Do I lose my rights under the residential tenancies act if a receiver is appointed?

Normally no, but see the exceptional circumstances mentioned above.


----------



## SparkRite (31 Jul 2019)

Michellemac said:


> Quick question plz im living in my house for 8 years its a ras house but the landlady wasent paying her morgage and i got a court letter saying it had already gone to court without me knowing to explain my situation. Im to be out on friday thats 2 days time i put in a dispute to rtb board a month ago havent heard nothing bk. Threshold got me and extention of a month from the bank whos taking it back but now the date has came and counsil havent got any place for me im completly stressed as my psrtner hsd a stroke and weve no wete to go. Any advice



Please Do Not 'hi-jack' another's thread. This is regarded as extremely bad manners.

If you wish, start a thread of your own,please.


----------



## renter45 (1 Aug 2019)

SparkRite said:


> Please Do Not 'hi-jack' another's thread.

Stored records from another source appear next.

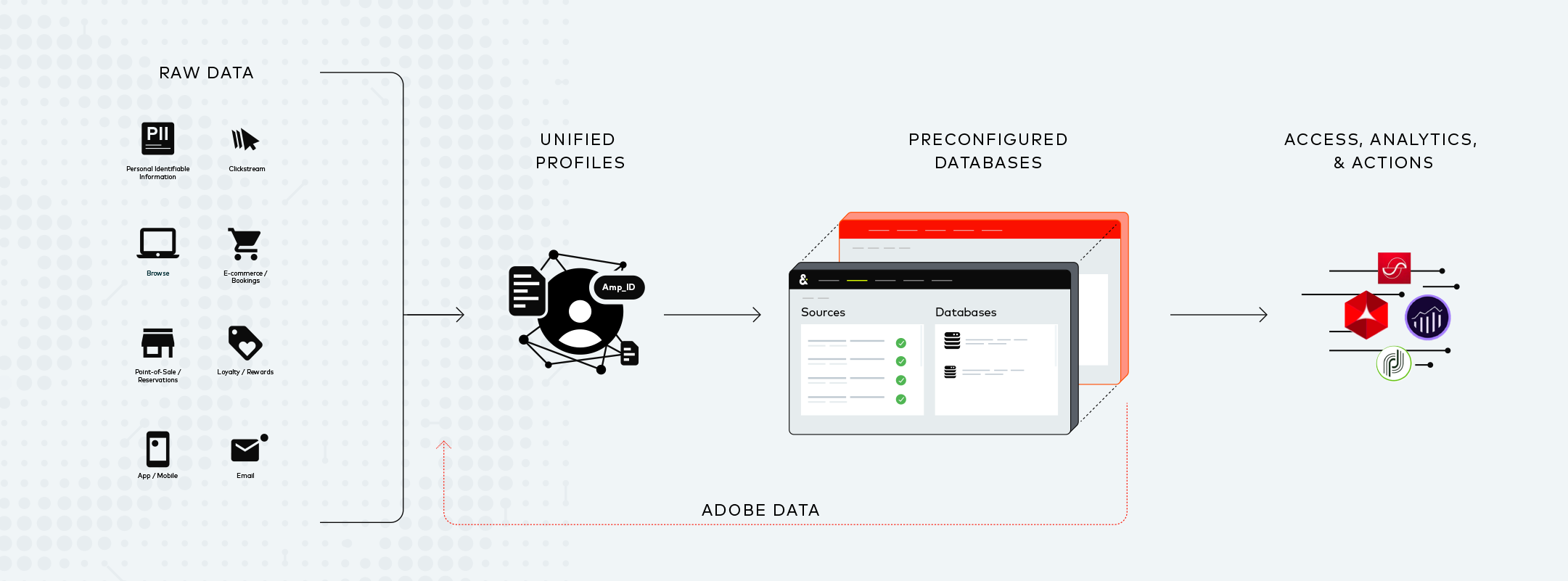 Amperity Profile Accelerator for Adobe was painstakingly designed to address existing cloud issues and to deliver value, fast. It has the power to incorporate new customer data sources — in any form — on the fly, and immediately put them into action, producing powerful insights to fuel marketing campaigns. Messy data is treated by pre-configured mapping, fitting your information into Adobe’s Experience Data Model (SDM) schema, saving time and money.
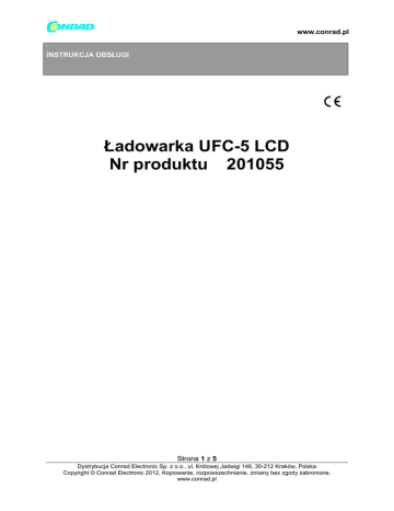 www.conrad.pl INSTRUKCJA OBSŁUGI Ładowarka UFC-5 LCD Nr produktu 201055 Strona 1 z 5 Dystrybucja Conrad Electronic Sp. z o.o., ul. Królowej Jadwigi 146, 30-212 Kraków, Polska Copyright © Conrad Electronic 2012, Kopiowanie, rozpowszechnianie, zmiany bez zgody zabronione. www.conrad.pl www.conrad.pl Wstęp Szanowni klienci, Kupując produkt Voltcraft® podjęliście Państwo bardzo dobrą decyzję, za którą chcielibyśmy Państwu podziękować. Nabyliście Państwo produkt ponadprzeciętnej jakości należący do rodziny marki znanej na polu technologii pomiarowych, ładowania i sieciowych dzięki szczególnym kompetencjom oraz ciągłym innowacjom. Dzięki produktom firmy Voltcraft®, będziecie Państwo mogli z łatwością sprostać trudnym zadaniom jako ambitni hobbiści w stopniu równie dobrym co profesjonalny użytkownik. Voltcraft® oferuje niezawodną technologię przy niezwykle przyjaznej cenie. Jesteśmy przekonani, że nawiżanie znajomości z produktami Voltcraft stanie się początkiem długiej i owocnej współpracy. Życzymy Państwu satysfakcji z korzystania z nowego produktu firmy Voltcraft®! Ładowarka UFC-5 LCD została zaprojektowana przy zastosowaniu najlepszych technologii. Produkt spełnia wymagania aktualnych wskazówek europejskich i danego kraju. Zgodność została potwierdzona a odpowiednie dokumenty i oświadczenia znajdują się u producenta. Zwracamy się z uprzejmą prośbą do użytkownika o przestrzeganie instrukcji obsługi w celu zapewnienia jakości produktu i bezpieczeństwa jego użytkowania. Strona 2 z 5 Dystrybucja Conrad Electronic Sp. z o.o., ul. Królowej Jadwigi 146, 30-212 Kraków, Polska Copyright © Conrad Electronic 2012, Kopiowanie, rozpowszechnianie, zmiany bez zgody zabronione. www.conrad.pl www.conrad.pl Działanie Zasilanie Wybierz wymagane zasilanie. Jako zasilanie posłużyć może zasilacz sieciowy dla gniazd 100 do 240 VAC lub kabel przejściówka dla gniazda zapalniczki 12V w pojazdach kempingowych, samochodach itp. Wtyczka zasilacza sieciowego: aby obsługiwać UFC-5 LCD za pomocą zasilacza sieciowego, podłącz wtyczkę zasilacza sieciowego do gniazda (100 do 240V 50/60Hz) . Przewód z przejściówką 12V: podłącz kabel z przejściówką 12V do wejścia zapalniczki. Jeśli UFC-5 LCD nie pracuje z wyjściem zapalniczki 12V sprawdź wtyk zapalniczki lub bezpiecznik wtyczki połączeniowej (automatyczny bezpiecznik 2A). Teraz podłącz wklęsłą wtyczkę zasilacza lub kabla z przejściówką 12V do wejścia DC typu „jack” u góry z przodu ładowarki. Ładowanie akumulatorków Umieść akumulatorki, które chcesz naładować w ładowarce. Przestrzegaj prawidłowej biegunowości. Biegun ujemny akumulatorka musi być skierowany w stronę emitujących światło diod ładowarki. • Dzięki monitorowaniu poszczególnych kieszeni ładowania, można ładować jednocześnie od 1 do 4 akumulatorków rozmiarów Mignon lub Micro. Można także ładować mieszane akumulatorki NiMh i NiCd o różnych pojemnościach i stanach naładowania, ponieważ każda kieszeń ładowania traktowana jest i ładowana indywidualnie dzięki monitorowaniu poszczególnych kieszeni. Tym samym jest niemal niemożliwe, aby zniszczyć akumulatorki lub ładowarkę. • UFC-5 LCD wykonuje teraz automatyczny test akumulatorka. Jeśli akumulatorek nie może być więcej naładowany w UFC-5 LCD lub, jeśli włożyłeś przypadkowo zwykłą baterię, dioda statusu zacznie migać na czerwono u góry odpowiedniej kieszeni a na ekranie wyświetli się komunikat „BAD". Wyjmij wadliwy akumulatorek z UFC-5 LCD i usuń do odpadów zgodnie z obowiązującymi przepisami. • Jeśli akumulatorek jest prawidłowy, ładowarka automatycznie przełącza się w tryb szybkiego ładowania. Sygnalizowane jest to indywidualnie dla każdej kieszeni ładowania migającą na czerwono diodą statusu oraz wzrostem ilości pasków na wyświetlaczu paskowym. Po każdym pełnym cyklu wyświetlacza paskowego zatrzymuje się on na chwilę sygnalizując aktualny status naładowania akumulatorka. Podczas procesu ładowania na ekranie LCD wyświetli się „CHARGING". • Po całkowitym naładowaniu akumulatorka, ładowarka automatycznie przełącza odpowiednią kieszeń ładowania w tryb podładowania małym prądem. Sygnalizowane jest to migającą na zielono diodą statusu. Po całkowitym naładowaniu wszystkich akumulatorków, na ekranie wyświetli się „FULL". Po procesie podładowania małym prądem nie ma potrzeby wyjmowania akumulatorków z ładowarki. Akumulatorki są zabezpieczone przed przeładowaniem dzięki funkcji odcięcia Minus Delta U, zegarowi bezpieczeństwa oraz funkcji podładowania małym prądem. Wbudowany czujnik temperatury zapobiega przegrzaniu baterii. Funkcja odświeżania/rozładowania Funkcja ta przywraca „akumulację” akumulatorków za pomocą rozładowania. Zaleca się wykonywanie tej procedury, jeśli akumulatorki przestały działać prawidłowo. W szczególności Strona 3 z 5 Dystrybucja Conrad Electronic Sp. z o.o., ul. Królowej Jadwigi 146, 30-212 Kraków, Polska Copyright © Conrad Electronic 2012, Kopiowanie, rozpowszechnianie, zmiany bez zgody zabronione. www.conrad.pl www.conrad.pl zaleca się ją dla akumulatorków NiCd,aby zapobiec efektowi „zapamiętywania”. Aby uruchomić funkcję rozładowania, postępuj następująco: • Po wożeniu akumulatorków do ładowarki (patrz Ładowanie akumulatorków) przyciśnij przycisk „DISCHARGING". Funkcję rozładowania można uruchomić do jednej minuty po włożeniu akumulatorków do ładowarki. • Rozpoczyna się proces odświeżania/rozładowania. Sygnalizowane jest to migającą na zielono dioda statusu oraz biegnącymi w dół paskami wyświetlacza paskowego. Po każdym pełnym cyklu wyświetlacza paskowego zatrzymuje się on na chwilę sygnalizując aktualny status rozładowania akumulatorka. Podczas procesu rozładowania na ekranie LCD wyświetli się „DISCHARGING". • Po całkowity
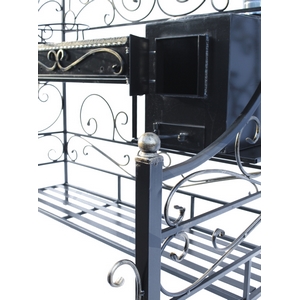 Дополнительная информация: крыша мангала защитит от дождя. Мангал изготовлен из стали марки СТ-3, толщина стенок топки 3 мм, дно 3 мм. Толщина стенок печки для казана 3 мм. Решетка на дне продлевает срок службы топки в несколько раз, плюс ребра жесткости по периметру жаровни помогают предотвратить температурную деформации. Топку можно снять, её легко чистить, перемещать или заменять.
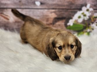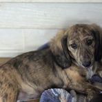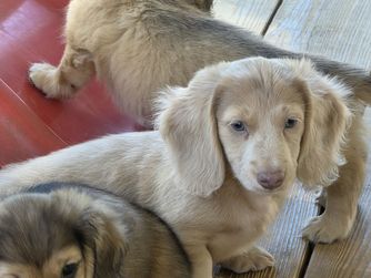 Delila is an ee or clear cream, hidden brindle. She is a very sweet and loving dachshund. Delila is the great granddaughter of one of our early females.
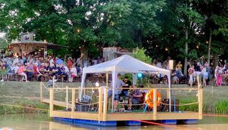 Die Abgeschiedenheit vom Verkehr, die Biertische im kühlen Schatten der Bäume, der Weiher im sommerlichen Abendlicht der untergehenden Sonne, im Hintergrund die Weiden mit den grasenden Pferden, alles zusammen eine Oase der Entspannung. Eine bunte Beleuchtung am Ufer tauchte die Bäume, die Büsche, das Laub und die spiegelnde Wasserfläche in eine zauberhafte Abendlandschaft. Für musikalische Unterhaltung sorgten DJ Olli und das Live-Duo 7661 von der Floß-Plattform, die als schwimmende Insel im See zu Wasser gelassen wurde.
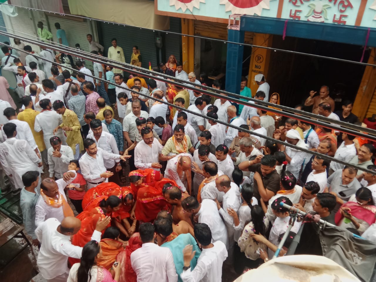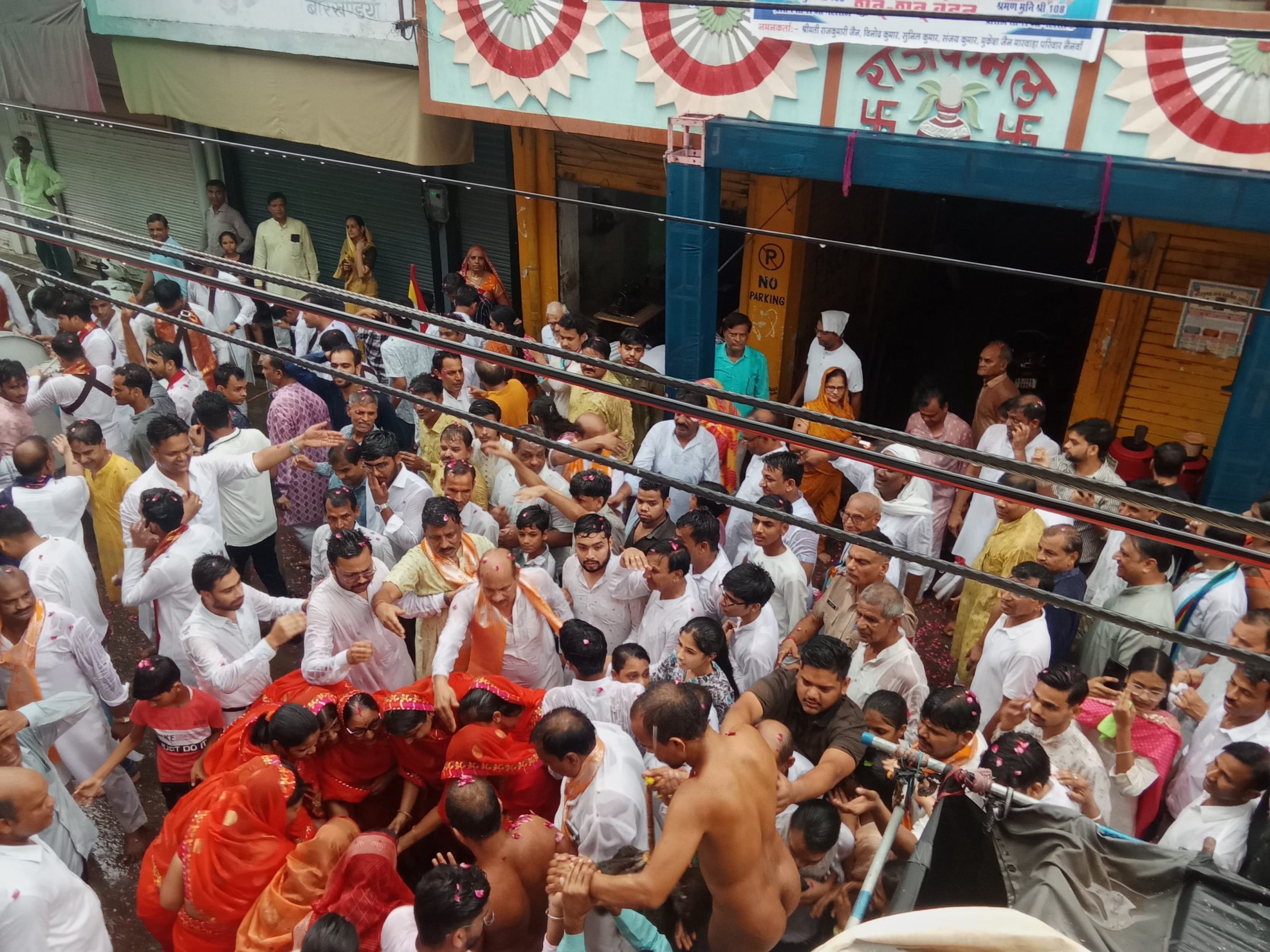 प्रात 8:00 देईपोल चौराहे पर जैन मुनि के मंगल प्रवेश पर मुनि की अगवानी करने पर जैन समाज महिलाओं में अपनी पलक पांवड़े बिछा दिए जैन समाज द्वारा मुनि की भव्य अगवानी की गई
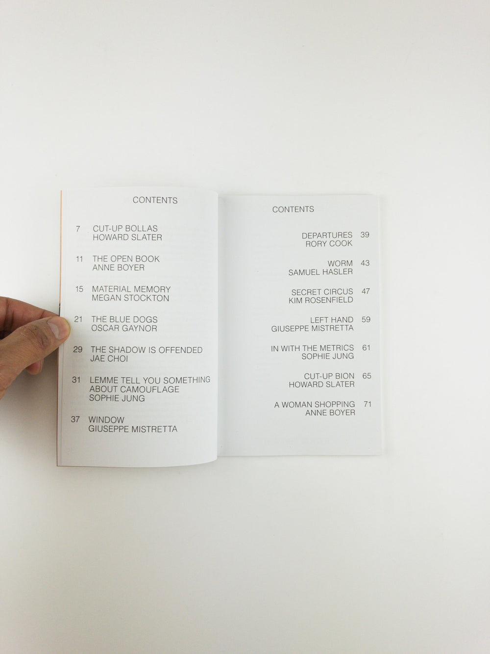 We welcome contributions from Anne Boyer, Jae Choi, Rory Cook, Oscar Gaynor, Samuel Hasler, Sophie Jung, Giuseppe Mistretta, Kim Rosenfield, Howard Slater and Megan Stockton
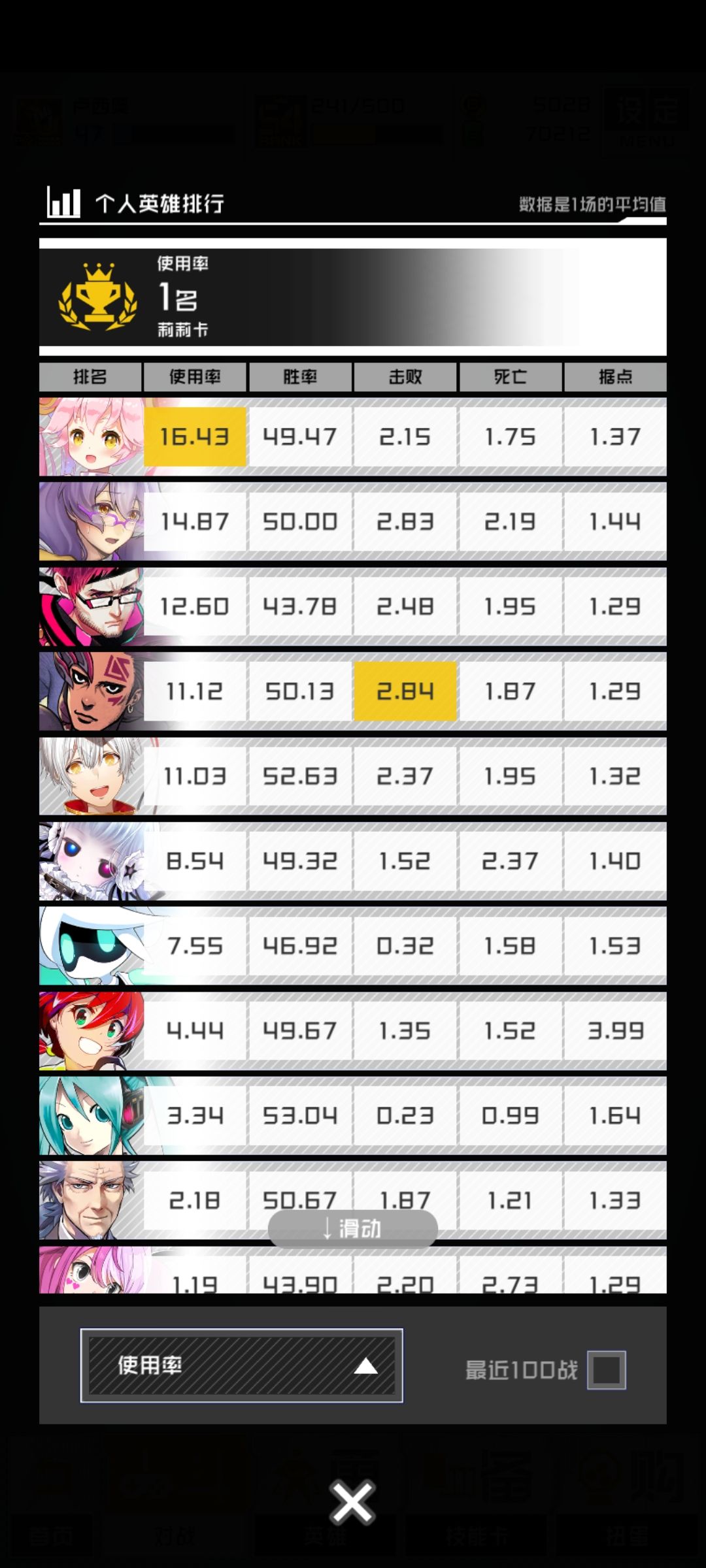 附上英雄使用率莉莉卡566场,

This is regarded as extremely bad manners.
> 
> If you wish, start a thread of your own,please.


Are you a moderator now?


----------



## SparkRite (1 Aug 2019)

renter45 said:


> Are you a moderator now?


You do not need to be a moderator to politely advise new posters about forum 'etiquette' .
I think most posters would find this helpful.

I do not appreciate the inherent sarcasm within your curt question which could be answered simply by looking at my profile.


----------